A general partnership consists of two or more general partners. Creditors of a general partnership can collect amounts owed to them from both the partnership assets and the personal assets of the owner-partners. A general partner can be bankrupted by a malpractice judgment brought against the partnership, even though the partner was not personally involved in the malpractice.

An LLP is a recently created form of entity. In most states, owners of an LLP are treated much like general partners. The primary difference between an LLP and a general partnership is that an LLP partner is not personally liable for any malpractice committed by the other partners. The LLP is currently the operational form of choice for the large accounting firms.

A limited partnership is often used for acquiring capital in activities such as real estate development. A limited partnership has at least one general partner and often may limited partners. Typically, only the general partners are personally liable to creditors; each limited partner’s risk of loss is restricted to that partner’s equity investment in the entity.

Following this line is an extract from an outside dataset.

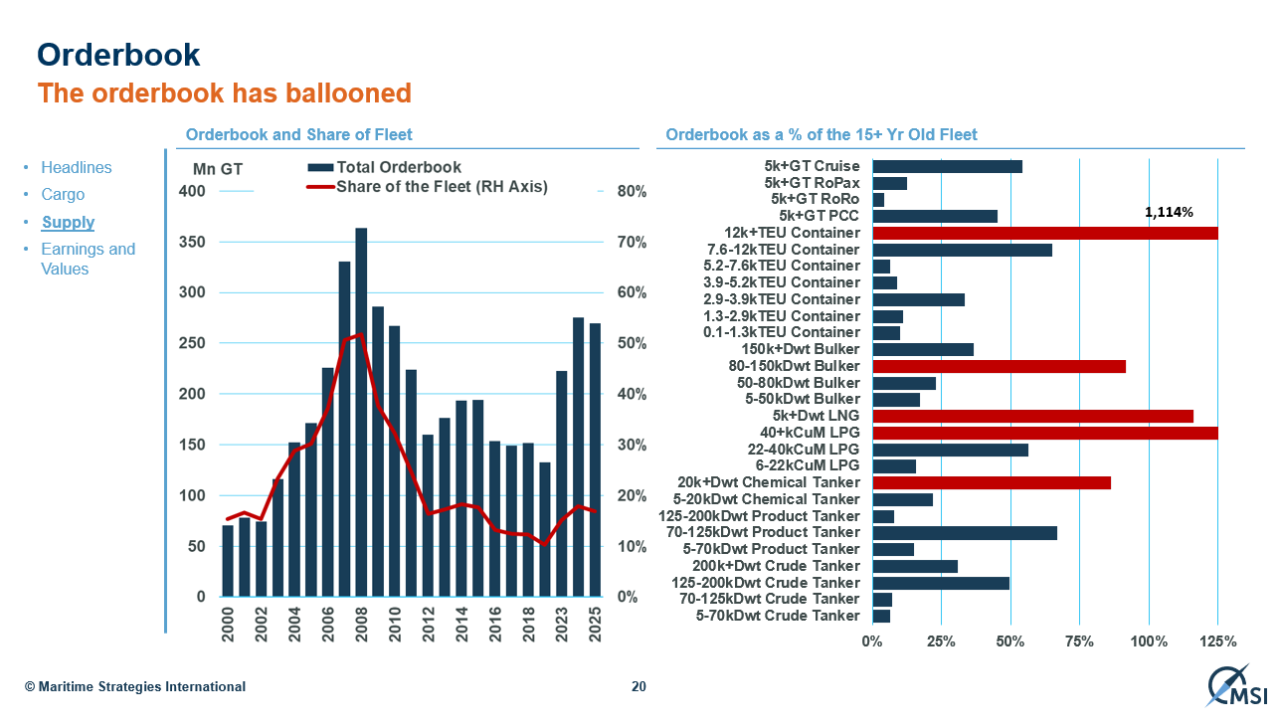 Adam Kent 指出,2024年的新船订单量刷新历史第二高纪录,但由于全球船队规模更大,因此订单占比仍不足全球船队的20%,并未达到典型的“过热”状态。

An alternative entity form, the limited liability company (LLC) is available to all states and the District of Columbia. An LLC combines the corporate benefit of limited liability for the owners with the benefits of partnership taxation, including the single level of tax and special allocations of income, losses and cash flows. Owners are technically considered to be members rather than partners, but a properly structured LLC is treated as a partnership for all tax purposes. Almost all states permit capital-intensive companies as well as nonprofessional service oriented businesses and some professional service-providing companies to operate as LLCs. This is highly advantageous to a business entity since the LLC can protect each member’s personal assets from being exposed to the entity’s debts.

The unique tax treatment of partners and partnership can be traced to two legal concepts that evolved long ago, the aggregate concept and the entity concept. Aggregate concept treats the partnership as a channel through which income; credits, deductions and other items flow to the partners.

The entity concept treats partners and partnership as separate units and gives the partnership its own tax personality. A partner’s recognition of capital gain or loss on the sale of the partnership interest further illustrates this doctrine.